Tribune Juive

Pierre Saba. La Haine et les mots

Edmund Kean dans le rôle de Barabas, 1818

« Nous ne devons plus utiliser des termes qui risquent de blesser »: C’est en ces mots que l’arrière-petit fils d’Agatha Christie a décidé de modifier le titre et les contenus racistes du roman de l’écrivaine.

Ainsi disparaissent le titre du roman « Les dix petits Nègres » d’Agatha Christie au profit de « Ils étaient dix »  et les 74 mentions de « nègre » qu’il contient.

Le titre et le mot « nègre » auraient tout aussi bien pu être maintenus en procédant par avertissements et explications d’éditeur.
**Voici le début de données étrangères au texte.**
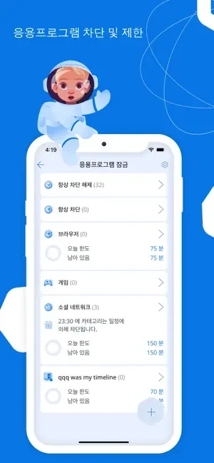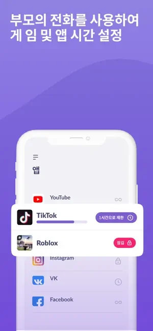 • 자녀의 휴대폰에서 응용프로그램 및 게임의 사용을 제한함 (시간제한어플, 스크린 시간, 시간 확인, 화면 시간)

Certaines autres œuvres mondiales évoquent une haine raciste et antisémite bien plus agressive qui ne semblent susciter aucune opinion publique susceptible de rectifier, d’effacer ni d’avertir.

Les préventions anti-racistes relatives à la plume d’Agatha Christie ne semblent pas atteindre les ouvrages véhiculant descriptions, termes, récits antisémites.

Deux exemples particulièrement significatifs mais non exhaustifs: l’œuvre de Shakespeare et celle de Marlowe.

S’agissant de Shakespeare, il affuble les Juifs des poncifs antisémites les plus virulents qu’il résume en usurier sanguinaire, c’est à dire vénal et meurtrier (« Le Marchand de Venise », etc)

S’agissant de Marlowe, son ouvrage « Le Juif de Malte » dépeint le « Juif Barabas » dans les pires traits antisémites.

Les associations de lutte contre la haine raciste (LICRA, LDH, etc) pourraient s’inspirer des pressions anti-racistes qui luttent avec succès contre les lexiques sexistes et racistes des œuvres littéraires actuels ou de temps révolus.

Il serait anormal que seul l’antisémitisme soit exonéré ou s’exonère de la censure anti-raciste.

Il en est notamment du ressort comme du devoir des mouvements anti-racistes, particulièrement ceux cités plus haut.